## EXERCISE DATA
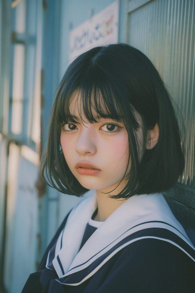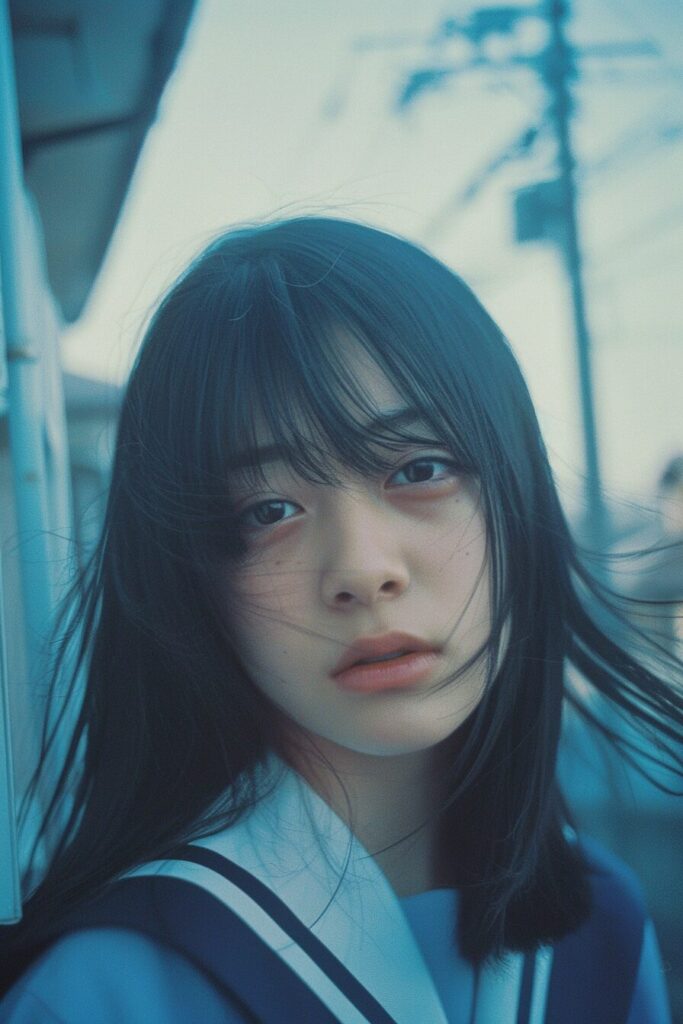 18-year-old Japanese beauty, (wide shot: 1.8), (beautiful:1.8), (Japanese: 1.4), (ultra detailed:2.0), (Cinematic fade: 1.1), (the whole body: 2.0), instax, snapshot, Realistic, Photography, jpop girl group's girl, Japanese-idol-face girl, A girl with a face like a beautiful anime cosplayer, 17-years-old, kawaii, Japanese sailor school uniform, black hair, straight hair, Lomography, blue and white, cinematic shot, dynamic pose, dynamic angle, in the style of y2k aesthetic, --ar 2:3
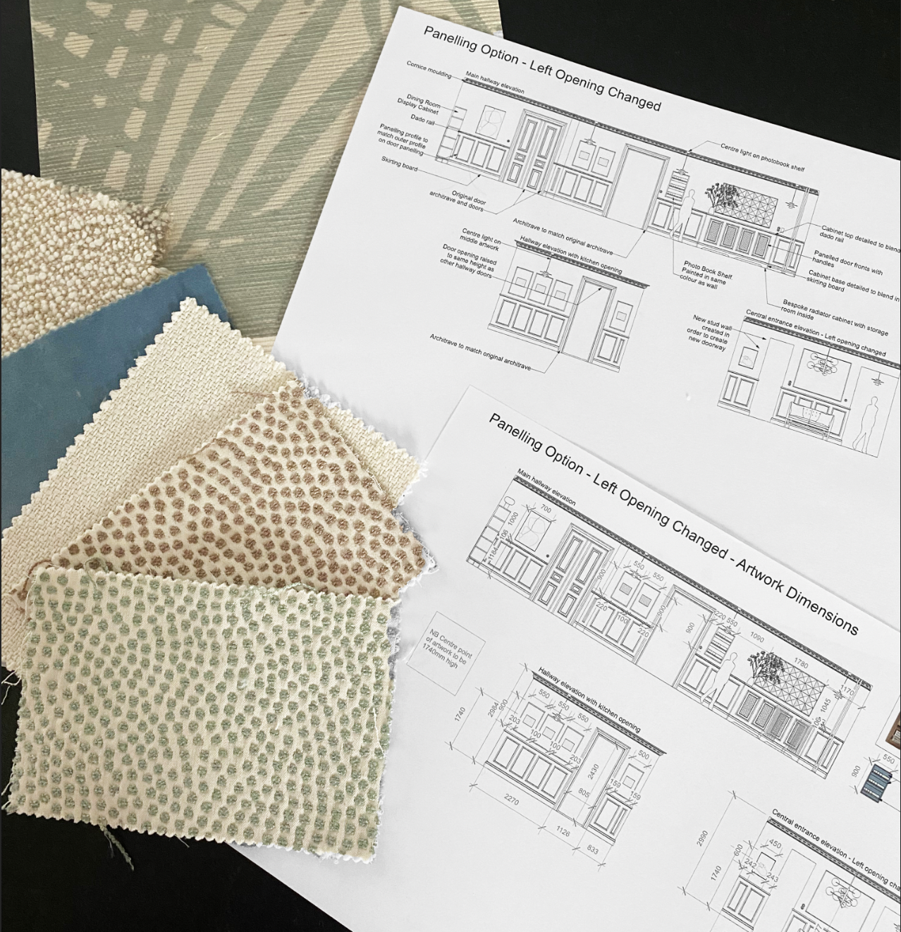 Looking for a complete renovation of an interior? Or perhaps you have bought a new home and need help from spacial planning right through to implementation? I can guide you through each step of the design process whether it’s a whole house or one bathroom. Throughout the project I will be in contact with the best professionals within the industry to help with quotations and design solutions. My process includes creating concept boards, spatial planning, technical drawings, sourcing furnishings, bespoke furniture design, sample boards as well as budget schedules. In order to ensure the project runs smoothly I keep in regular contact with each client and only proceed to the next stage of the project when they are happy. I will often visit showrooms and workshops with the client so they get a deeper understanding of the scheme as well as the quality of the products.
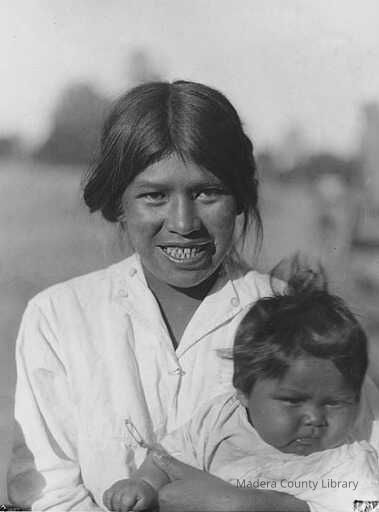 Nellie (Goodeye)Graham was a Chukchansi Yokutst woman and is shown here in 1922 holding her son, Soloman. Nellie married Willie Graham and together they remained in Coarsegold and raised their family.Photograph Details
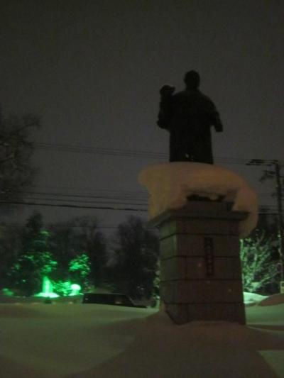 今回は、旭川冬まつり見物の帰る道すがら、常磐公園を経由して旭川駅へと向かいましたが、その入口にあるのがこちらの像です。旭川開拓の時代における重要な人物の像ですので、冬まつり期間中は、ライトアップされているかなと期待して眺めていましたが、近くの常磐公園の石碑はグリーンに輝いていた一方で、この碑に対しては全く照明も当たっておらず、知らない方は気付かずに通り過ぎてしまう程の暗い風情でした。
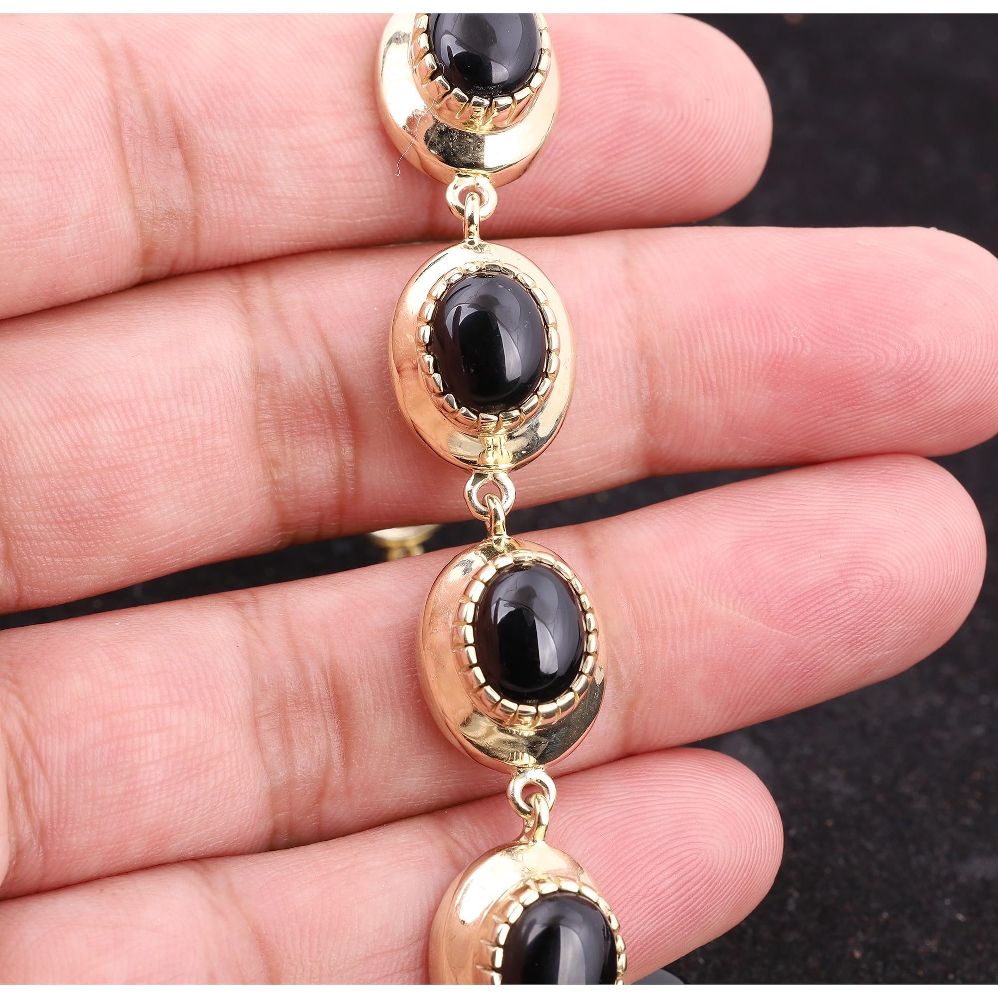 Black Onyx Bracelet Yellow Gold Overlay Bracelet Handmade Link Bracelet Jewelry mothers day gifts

## PROBLEM TO WORK ON
Every entry should be repeated verbatim, with the pictures left out.

## ANSWER BOX
 18-year-old Japanese beauty, (wide shot: 1.8), (beautiful:1.8), (Japanese: 1.4), (ultra detailed:2.0), (Cinematic fade: 1.1), (the whole body: 2.0), instax, snapshot, Realistic, Photography, jpop girl group's girl, Japanese-idol-face girl, A girl with a face like a beautiful anime cosplayer, 17-years-old, kawaii, Japanese sailor school uniform, black hair, straight hair, Lomography, blue and white, cinematic shot, dynamic pose, dynamic angle, in the style of y2k aesthetic, --ar 2:3
 Looking for a complete renovation of an interior? Or perhaps you have bought a new home and need help from spacial planning right through to implementation? I can guide you through each step of the design process whether it’s a whole house or one bathroom. Throughout the project I will be in contact with the best professionals within the industry to help with quotations and design solutions. My process includes creating concept boards, spatial planning, technical drawings, sourcing furnishings, bespoke furniture design, sample boards as well as budget schedules. In order to ensure the project runs smoothly I keep in regular contact with each client and only proceed to the next stage of the project when they are happy. I will often visit showrooms and workshops with the client so they get a deeper understanding of the scheme as well as the quality of the products.
 Nellie (Goodeye)Graham was a Chukchansi Yokutst woman and is shown here in 1922 holding her son, Soloman. Nellie married Willie Graham and together they remained in Coarsegold and raised their family.Photograph Details
 今回は、旭川冬まつり見物の帰る道すがら、常磐公園を経由して旭川駅へと向かいましたが、その入口にあるのがこちらの像です。旭川開拓の時代における重要な人物の像ですので、冬まつり期間中は、ライトアップされているかなと期待して眺めていましたが、近くの常磐公園の石碑はグリーンに輝いていた一方で、この碑に対しては全く照明も当たっておらず、知らない方は気付かずに通り過ぎてしまう程の暗い風情でした。
 Black Onyx Bracelet Yellow Gold Overlay Bracelet Handmade Link Bracelet Jewelry mothers day gifts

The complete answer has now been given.